§ Data
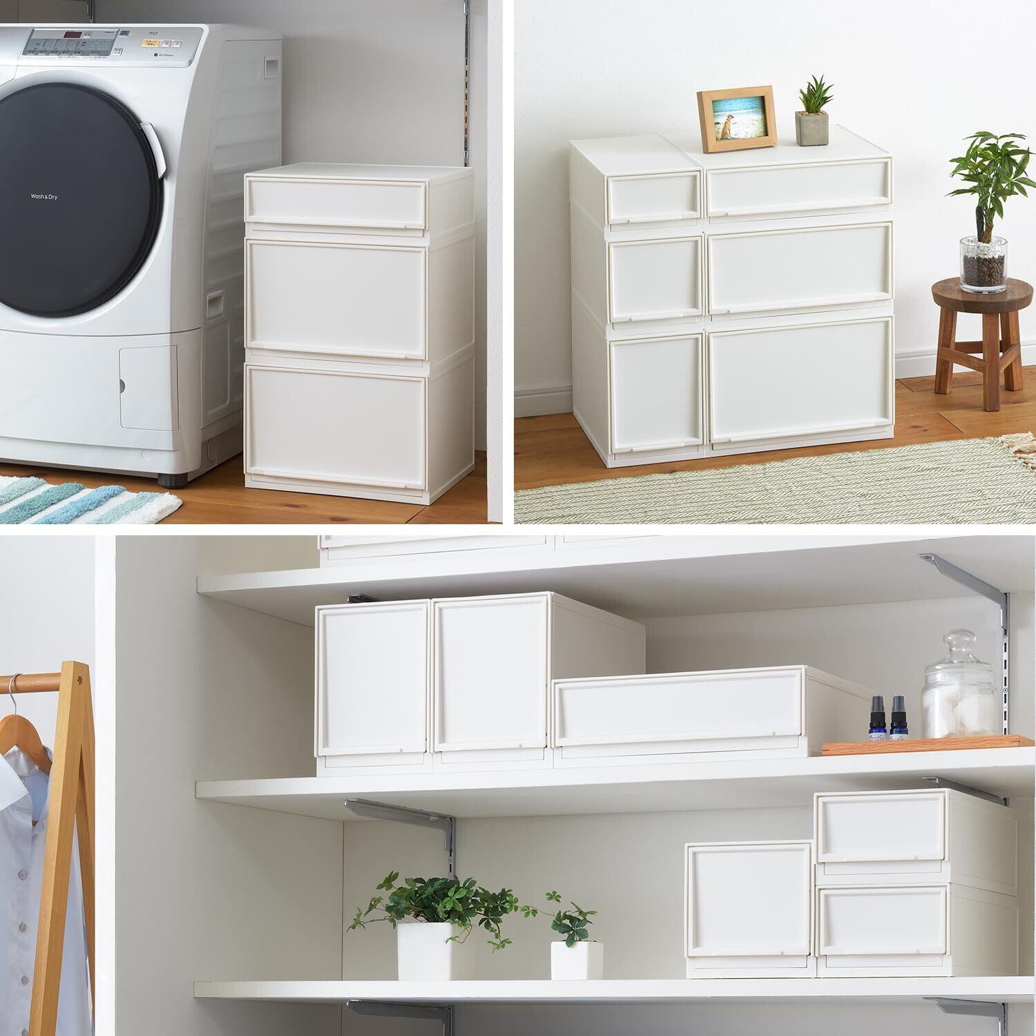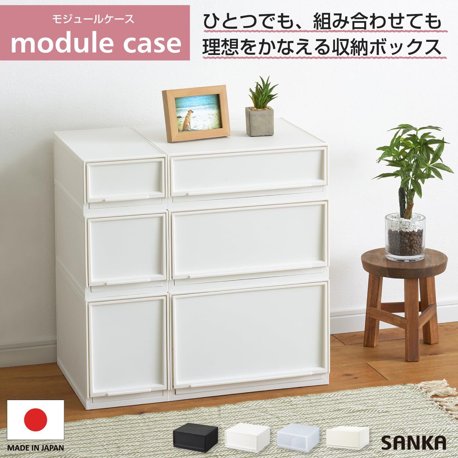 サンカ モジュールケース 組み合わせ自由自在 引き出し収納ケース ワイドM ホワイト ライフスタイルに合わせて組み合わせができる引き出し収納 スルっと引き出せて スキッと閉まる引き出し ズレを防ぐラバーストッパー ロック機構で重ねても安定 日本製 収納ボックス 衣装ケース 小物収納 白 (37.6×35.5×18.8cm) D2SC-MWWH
==
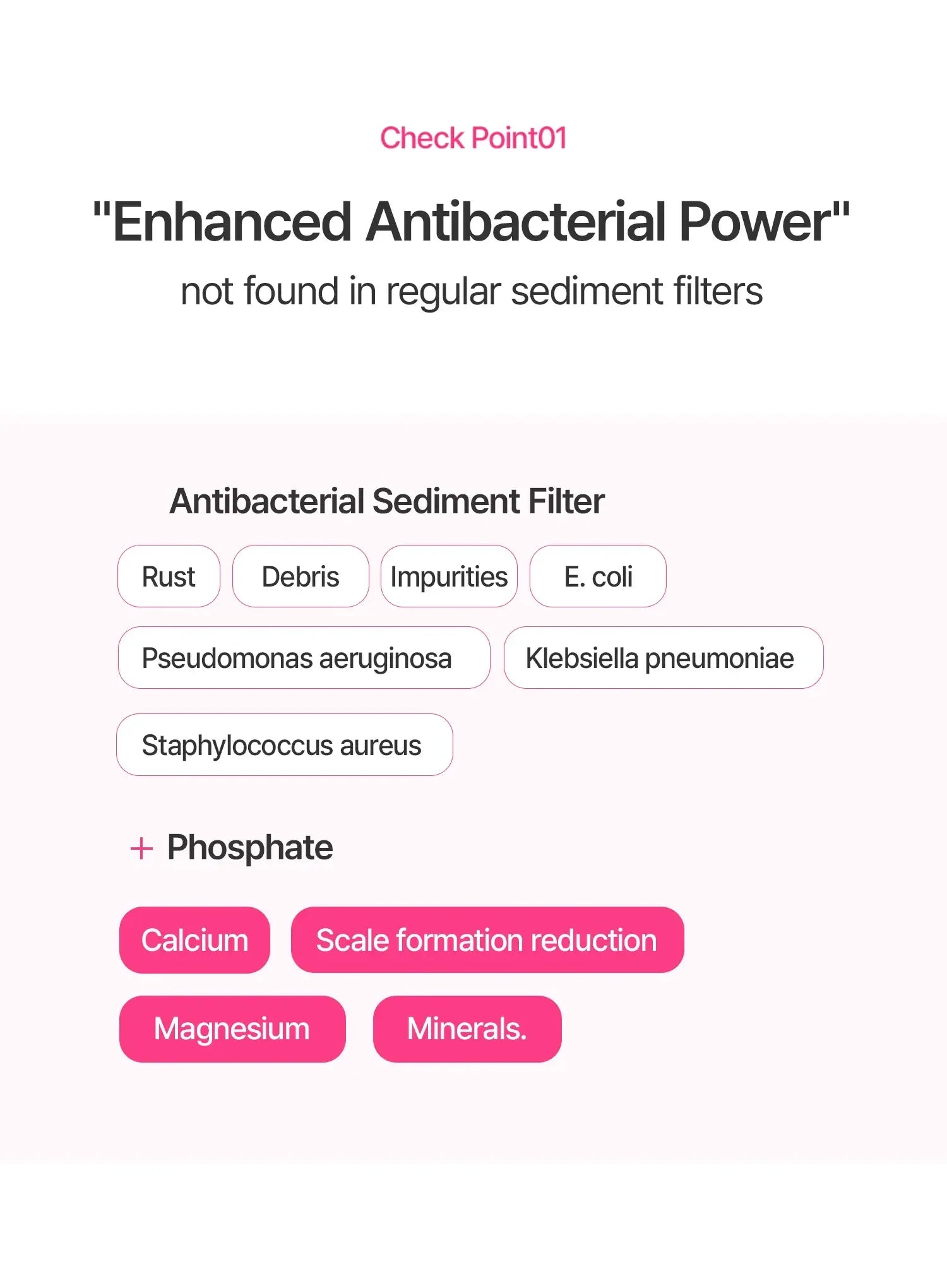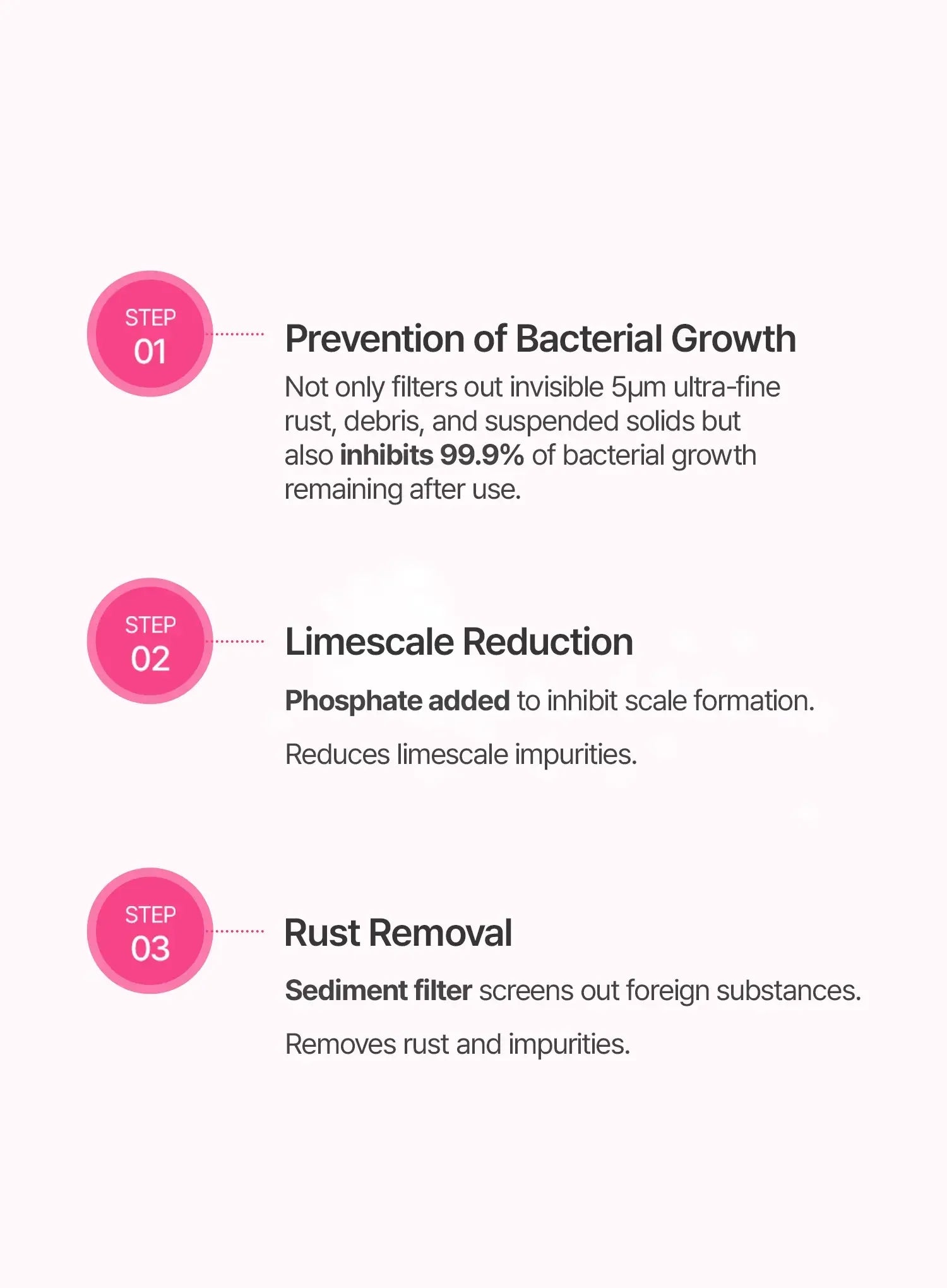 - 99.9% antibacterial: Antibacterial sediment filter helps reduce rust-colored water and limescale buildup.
--
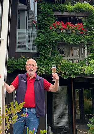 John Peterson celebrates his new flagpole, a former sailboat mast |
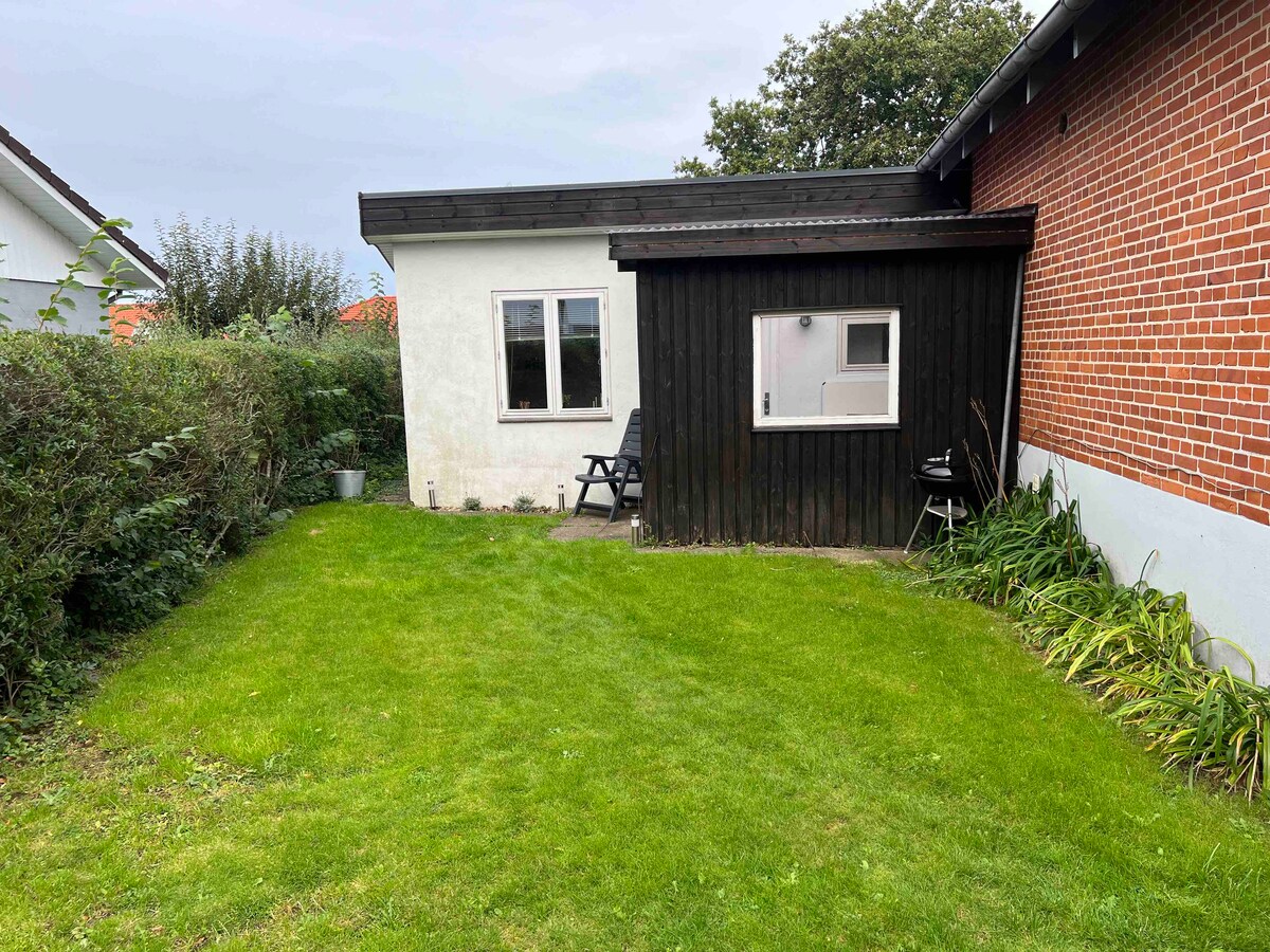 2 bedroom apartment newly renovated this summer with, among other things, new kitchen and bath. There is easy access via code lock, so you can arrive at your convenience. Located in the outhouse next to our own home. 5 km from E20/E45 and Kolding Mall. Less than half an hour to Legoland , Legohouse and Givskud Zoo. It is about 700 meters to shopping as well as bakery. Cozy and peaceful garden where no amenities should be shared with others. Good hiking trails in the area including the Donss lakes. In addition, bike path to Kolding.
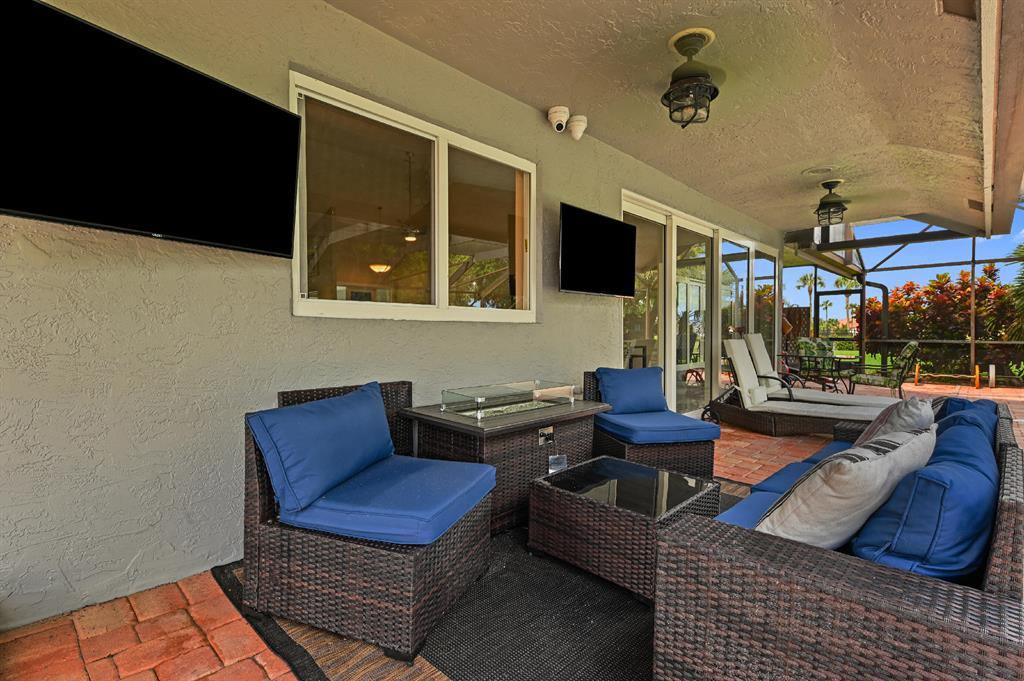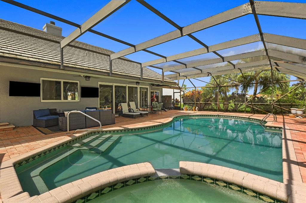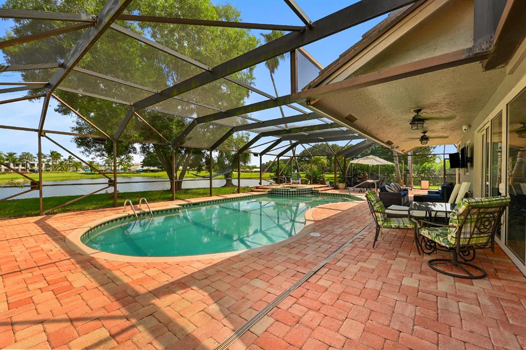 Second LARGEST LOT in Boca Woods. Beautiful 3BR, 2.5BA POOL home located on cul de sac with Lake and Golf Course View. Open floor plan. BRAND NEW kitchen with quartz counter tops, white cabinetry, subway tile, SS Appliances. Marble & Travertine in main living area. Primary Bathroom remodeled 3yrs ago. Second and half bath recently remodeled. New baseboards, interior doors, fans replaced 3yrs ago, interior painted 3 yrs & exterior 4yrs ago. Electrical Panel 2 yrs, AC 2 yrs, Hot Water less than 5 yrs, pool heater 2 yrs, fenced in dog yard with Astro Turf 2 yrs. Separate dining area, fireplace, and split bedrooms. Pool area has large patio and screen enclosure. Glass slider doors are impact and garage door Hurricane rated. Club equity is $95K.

§ Exercise aim
Using the listing above, reproduce word for word every line from the one containing "2 bedroom apartment" through the one containing "Second LARGEST LOT". Pictures must be left out.

§ Completed exercise
 2 bedroom apartment newly renovated this summer with, among other things, new kitchen and bath. There is easy access via code lock, so you can arrive at your convenience. Located in the outhouse next to our own home. 5 km from E20/E45 and Kolding Mall. Less than half an hour to Legoland , Legohouse and Givskud Zoo. It is about 700 meters to shopping as well as bakery. Cozy and peaceful garden where no amenities should be shared with others. Good hiking trails in the area including the Donss lakes. In addition, bike path to Kolding.
 Second LARGEST LOT in Boca Woods. Beautiful 3BR, 2.5BA POOL home located on cul de sac with Lake and Golf Course View. Open floor plan. BRAND NEW kitchen with quartz counter tops, white cabinetry, subway tile, SS Appliances. Marble & Travertine in main living area. Primary Bathroom remodeled 3yrs ago. Second and half bath recently remodeled. New baseboards, interior doors, fans replaced 3yrs ago, interior painted 3 yrs & exterior 4yrs ago. Electrical Panel 2 yrs, AC 2 yrs, Hot Water less than 5 yrs, pool heater 2 yrs, fenced in dog yard with Astro Turf 2 yrs. Separate dining area, fireplace, and split bedrooms. Pool area has large patio and screen enclosure. Glass slider doors are impact and garage door Hurricane rated. Club equity is $95K.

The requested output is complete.